度重なるメンバーの脱退を繰り返しながらも、その都度メンバーを入れ替えコンスタントに活動を続けているフリートウッド・マックですが、最大のピンチは1990年のスティーヴィーとクリスティンのツアー不参加でした。
その後に発表された15枚目のアルバム「Behind the Mask」では5作連続で続いていたゴールドディスクを逃し、クリスティン脱退後の1995年の「Time」では、全米チャートの200位にすら届きませんでした。
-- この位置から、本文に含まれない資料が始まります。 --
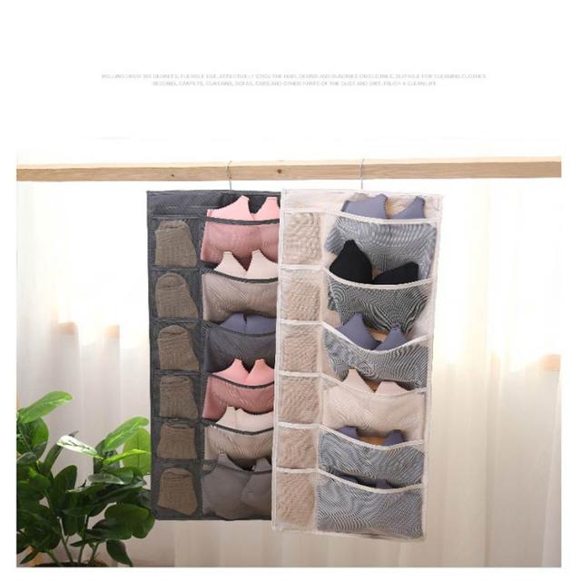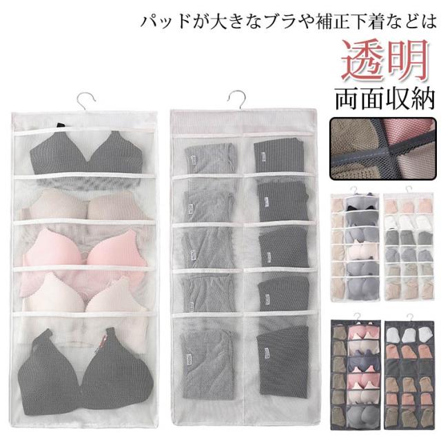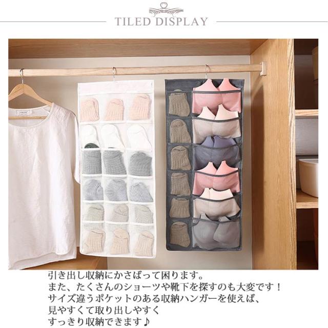 収納ポケット ウォールポケット ハンガー式 靴下 下着 吊り下げ収納 下着収納 ブラジャー収納 ハンガー式 両面収納 大容量 透明 メッシュ 洗える 壁掛け小物入れ 便利収納 収納ポケット 片付け上手 ハンカチ収納 パンティ収納 タオル収納 便利 シンプル おしゃれ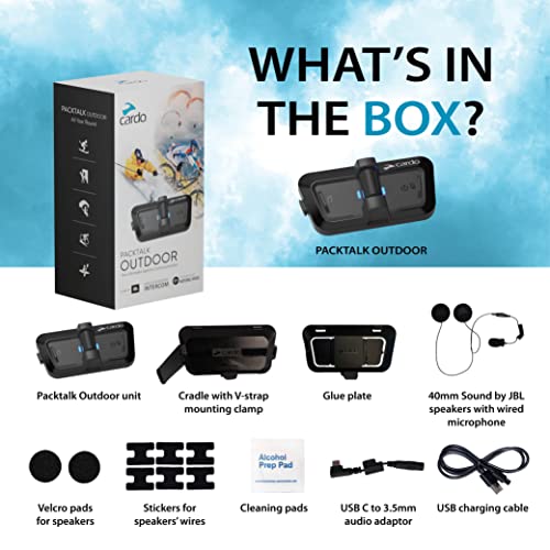 Over-the-air Update: Keeping your unit up-to-date is as easy as it gets. Use your Cardo Connect App to download and install the latest software directly to your Packtalk Outdoor. No cables needed. Automatic Volume: Automatically adjusts your sound volume based on the outside ambient noise. Music Streaming: All the music you ever wanted streamed directly from your smartphone. Control and experience your favorite tune while performing your favorite sport. Phone Integration: Make and answer calls while your phone stays secured in your pocket. Full-day Operation: Up to 10 hours talk time in temperatures as low as -20C means your Packtalk Outdoor will keep you connected all-day long. Fast Charging: Running out of battery? Get 2 hours talk time battery after 20 minutes of charging. USB Type C: Robust and universal USB type C for easy connections to any device. 2 Year Warranty: 2-year warranty for your peace of mind.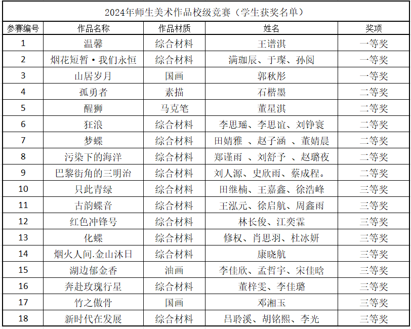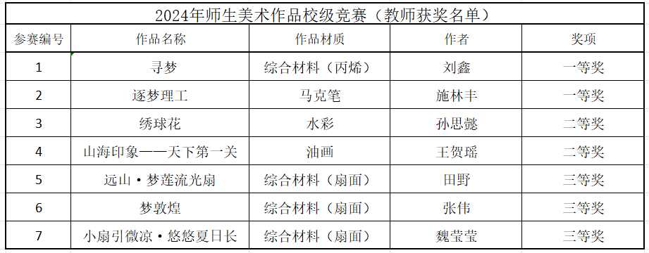本次竞赛设学生组和教师组,共收录40余件作品,邀请评审专家评审,最终评出教师组一等奖2人、二等奖2人、三等奖3人:学生组一等奖3人,二等奖6人,三等奖9人,上述作品推送参加2024年辽宁省高校师生美术作品大赛。校赛获奖作品如下: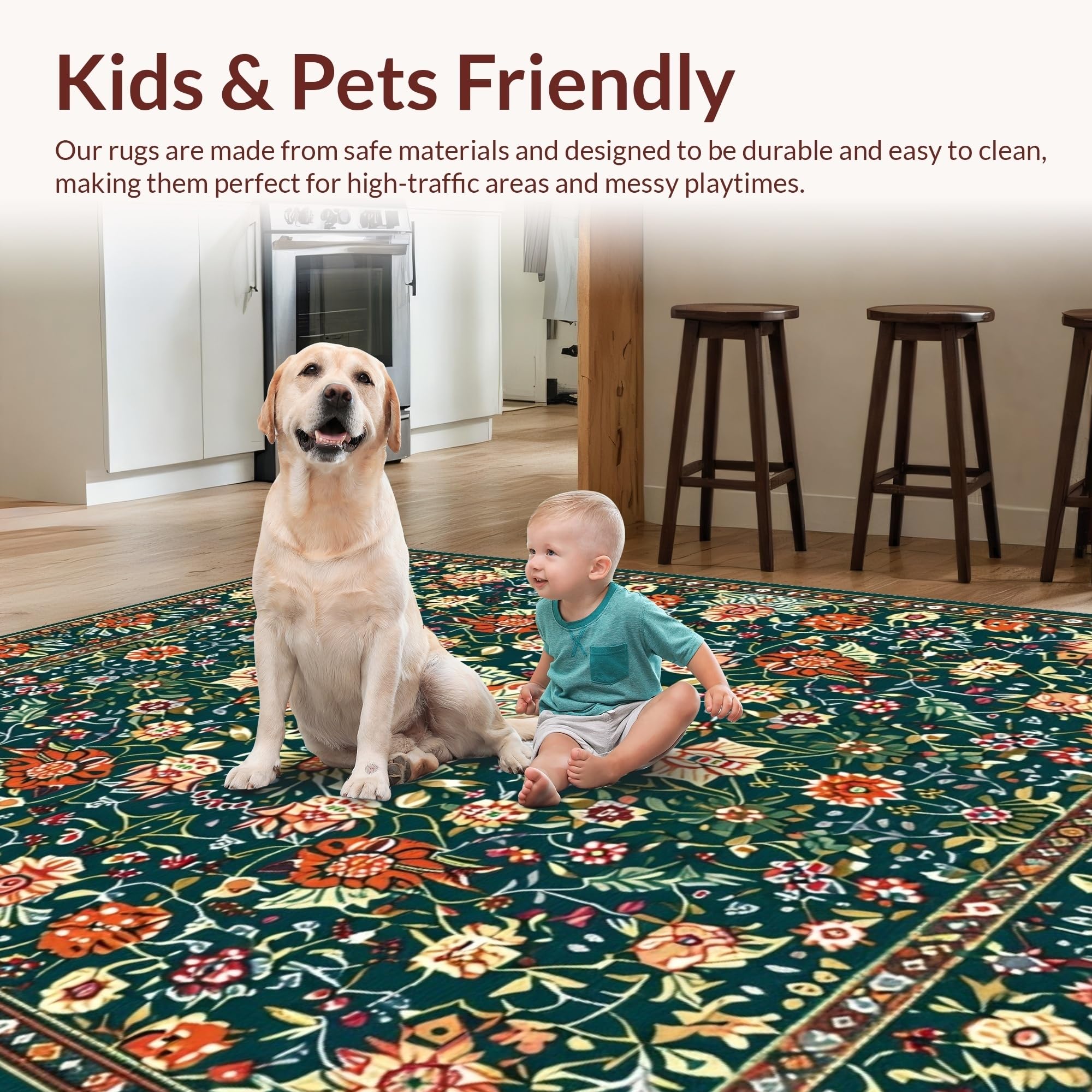 Ultra Soft Area Rug, Non Slip, Stain Resistant, Washable Area Rugs for Living Room, Bedroom, Chic Cottage Style Botanical Print(Green) Overview: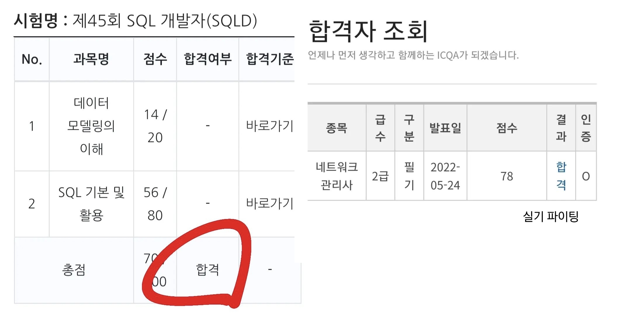 5월부터는 SQLD와 네트워크 관리사를 준비했다.

フリートウッド・マックもこれで終りかと思われましたが、なんと1997年に再びリンジー、クリスティン、スティーヴィー、ミック、ジョンが集結し、まさかの再結成が発表されます。同年リリースされたライブ・アルバム「The Dance」が全米No1を獲得、翌年にはロックの殿堂入りに認定されその人気の高さが証明されました。

その後、クリスティンが一旦音楽業界そのものから引退するも、2014年に復帰。2018年にはリンジーを除く4人によるワールド・ツアーが行われており結成から50年を過ぎてもなお、精力的に活動を続けています。

※本記事はコロナウイルス感染拡大より以前に執筆・掲載された記事です。